* _Exercise_
Beginning with the line that holds "Ties at neck, has", copy every remaining line of the listing below exactly, and leave the pictures out.

* _Supplied data_
※ ※ ※

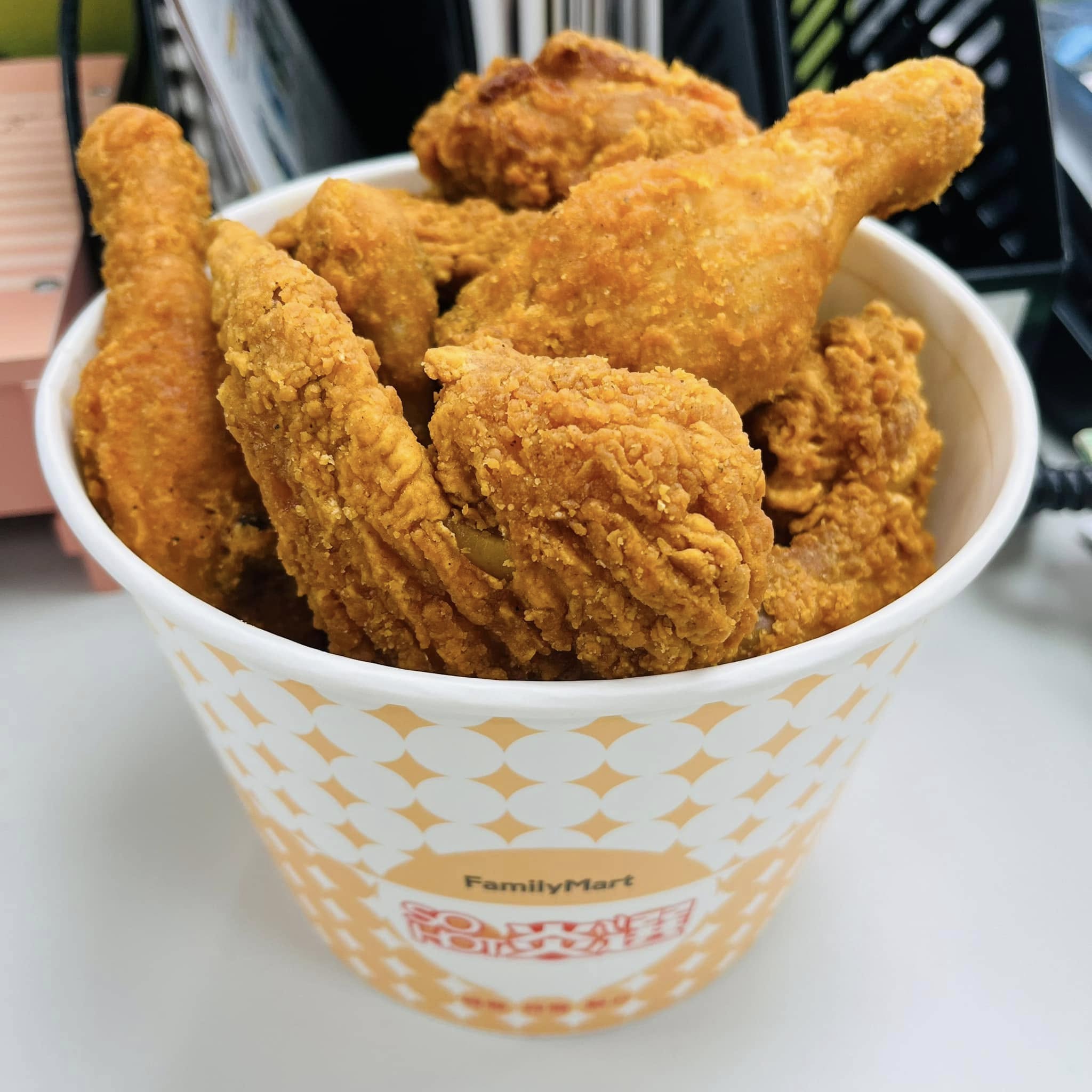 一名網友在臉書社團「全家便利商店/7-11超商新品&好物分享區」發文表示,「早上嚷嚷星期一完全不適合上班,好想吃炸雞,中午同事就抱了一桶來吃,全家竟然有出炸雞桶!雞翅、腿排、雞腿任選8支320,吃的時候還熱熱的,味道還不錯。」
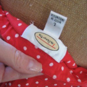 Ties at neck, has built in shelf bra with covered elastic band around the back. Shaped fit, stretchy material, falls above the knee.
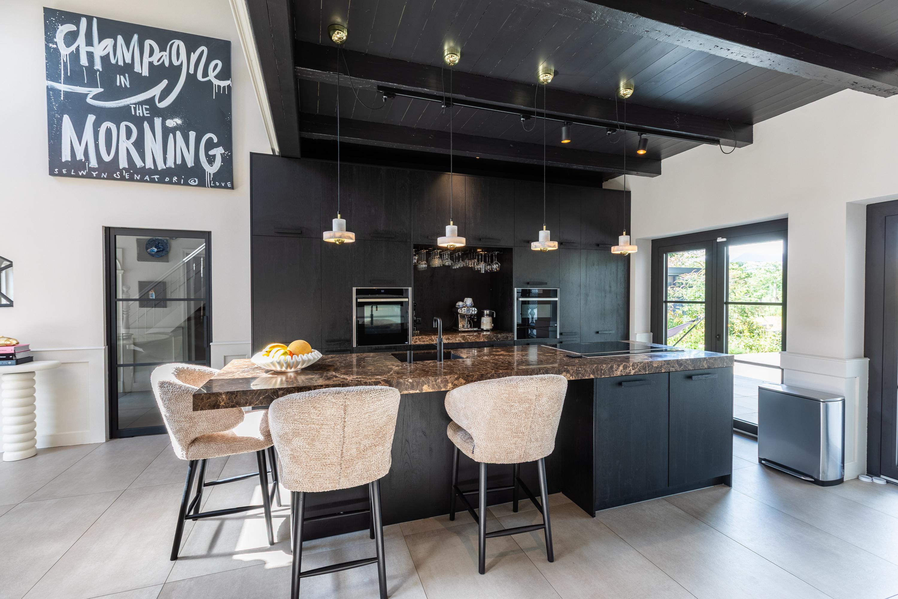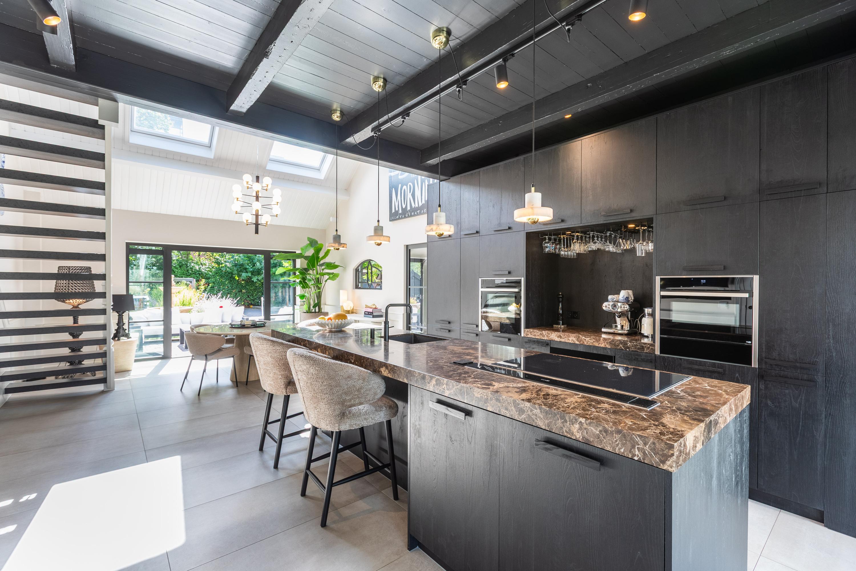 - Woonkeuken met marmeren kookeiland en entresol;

※ ※ ※

* _Exercise output_
 Ties at neck, has built in shelf bra with covered elastic band around the back. Shaped fit, stretchy material, falls above the knee.
 - Woonkeuken met marmeren kookeiland en entresol;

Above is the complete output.